[WHAT YOU SHOULD DO]: Each line below needs to be returned exactly. Skip any picture.

[MATERIAL PROVIDED]:
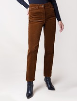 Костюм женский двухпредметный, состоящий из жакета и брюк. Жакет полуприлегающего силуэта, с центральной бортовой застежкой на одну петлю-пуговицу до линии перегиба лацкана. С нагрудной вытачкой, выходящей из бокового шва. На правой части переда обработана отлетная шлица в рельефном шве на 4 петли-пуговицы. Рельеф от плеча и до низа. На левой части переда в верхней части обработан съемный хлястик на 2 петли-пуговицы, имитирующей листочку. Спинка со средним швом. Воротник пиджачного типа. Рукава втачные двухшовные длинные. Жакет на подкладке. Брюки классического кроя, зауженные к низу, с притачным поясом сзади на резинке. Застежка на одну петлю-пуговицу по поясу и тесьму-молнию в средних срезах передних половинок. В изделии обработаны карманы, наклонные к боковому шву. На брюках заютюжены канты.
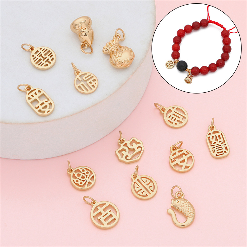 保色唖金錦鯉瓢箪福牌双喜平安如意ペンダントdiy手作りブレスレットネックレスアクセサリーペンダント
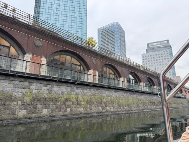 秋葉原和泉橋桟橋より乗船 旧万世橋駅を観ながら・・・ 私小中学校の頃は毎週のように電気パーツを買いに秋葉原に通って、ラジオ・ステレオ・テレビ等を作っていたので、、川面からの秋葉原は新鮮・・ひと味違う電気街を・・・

[RESULT OF THE TASK]:
 Костюм женский двухпредметный, состоящий из жакета и брюк. Жакет полуприлегающего силуэта, с центральной бортовой застежкой на одну петлю-пуговицу до линии перегиба лацкана. С нагрудной вытачкой, выходящей из бокового шва. На правой части переда обработана отлетная шлица в рельефном шве на 4 петли-пуговицы. Рельеф от плеча и до низа. На левой части переда в верхней части обработан съемный хлястик на 2 петли-пуговицы, имитирующей листочку. Спинка со средним швом. Воротник пиджачного типа. Рукава втачные двухшовные длинные. Жакет на подкладке. Брюки классического кроя, зауженные к низу, с притачным поясом сзади на резинке. Застежка на одну петлю-пуговицу по поясу и тесьму-молнию в средних срезах передних половинок. В изделии обработаны карманы, наклонные к боковому шву. На брюках заютюжены канты.
 保色唖金錦鯉瓢箪福牌双喜平安如意ペンダントdiy手作りブレスレットネックレスアクセサリーペンダント
 秋葉原和泉橋桟橋より乗船 旧万世橋駅を観ながら・・・ 私小中学校の頃は毎週のように電気パーツを買いに秋葉原に通って、ラジオ・ステレオ・テレビ等を作っていたので、、川面からの秋葉原は新鮮・・ひと味違う電気街を・・・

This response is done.